+++ Source material +++

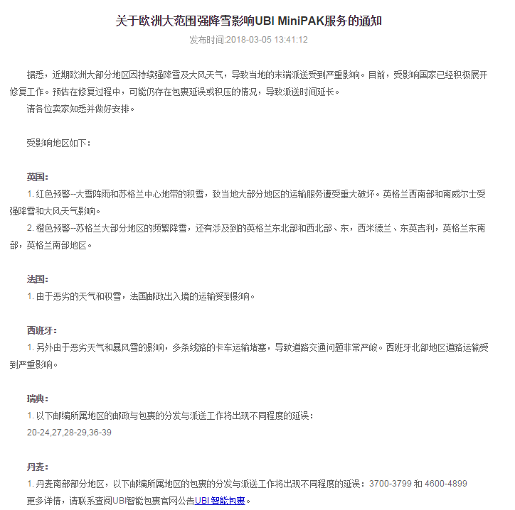 欧洲多国物流延误,eBay发布UBI MiniPAK服务受影响通知
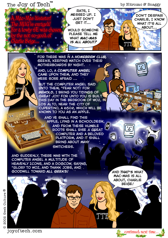 If you're using a Mac and a newer version of Explorer, here's a neat trick courtesy of MacMerc. Drag the above little image to the top tool bar of your browser, it should "stick" afterwards. Now you have a graphical link to the Joy of Tech, one that will update everytime a new comic is uploaded. (You may have to refresh the image manually if it's in your cache.) If you need to delete or move it it, just control button/click and hold, then select delete, or just Command/drag it to the trash.
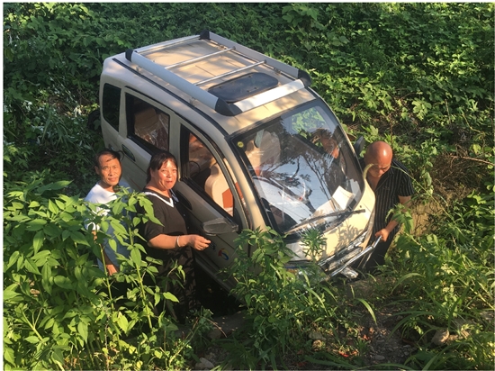 7月7日下午,记者在石松一级公路城东街道紫皋村涵洞东约五六十米处看到,一辆“百事利”电动三轮老人代步车车头坠入路基下的水泥沟中。原来,泽国镇珠山村4位老人共乘这辆车到新河镇硐天新村屿头看长山章氏修谱戏。看戏回家途中,电动车不慎从辅道冲出,冲到3米左右高的岸坎下,车上4位老人(两男两女)不同程度受伤,所幸均无大碍。闻讯赶到现场的老人亲属在紫皋村当地村民等的帮助下,将车头栽入沟中的车子抬到路面上,该车已不能正常行驶。
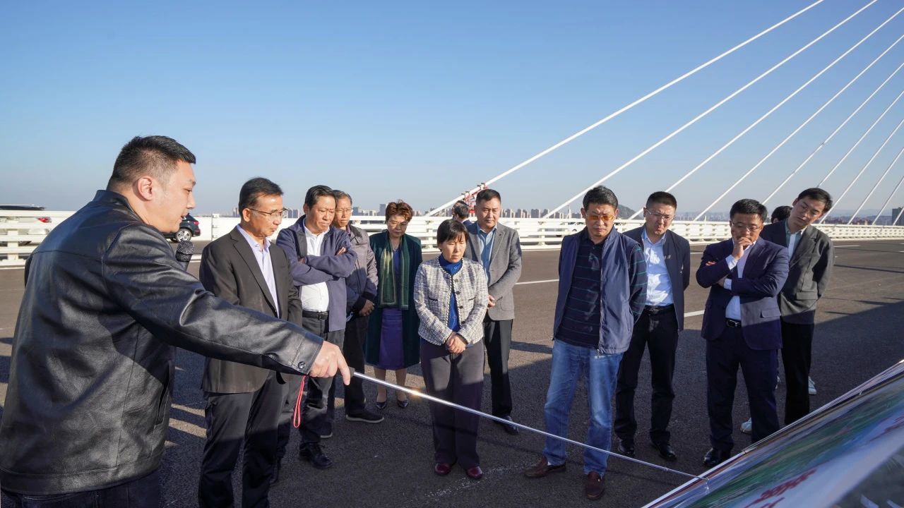 展厅,并前往济南黄河公路大桥扩建工程现场与济西湿地,听取了各项目相关负责同志对项目的建设进展情况与园区运营状况的汇报。

+++

### [Your task]
Reproduce the listing above exactly, but skip the pictures.

### [Problem solution]
 欧洲多国物流延误,eBay发布UBI MiniPAK服务受影响通知
 If you're using a Mac and a newer version of Explorer, here's a neat trick courtesy of MacMerc. Drag the above little image to the top tool bar of your browser, it should "stick" afterwards. Now you have a graphical link to the Joy of Tech, one that will update everytime a new comic is uploaded. (You may have to refresh the image manually if it's in your cache.) If you need to delete or move it it, just control button/click and hold, then select delete, or just Command/drag it to the trash.
 7月7日下午,记者在石松一级公路城东街道紫皋村涵洞东约五六十米处看到,一辆“百事利”电动三轮老人代步车车头坠入路基下的水泥沟中。原来,泽国镇珠山村4位老人共乘这辆车到新河镇硐天新村屿头看长山章氏修谱戏。看戏回家途中,电动车不慎从辅道冲出,冲到3米左右高的岸坎下,车上4位老人(两男两女)不同程度受伤,所幸均无大碍。闻讯赶到现场的老人亲属在紫皋村当地村民等的帮助下,将车头栽入沟中的车子抬到路面上,该车已不能正常行驶。
 展厅,并前往济南黄河公路大桥扩建工程现场与济西湿地,听取了各项目相关负责同志对项目的建设进展情况与园区运营状况的汇报。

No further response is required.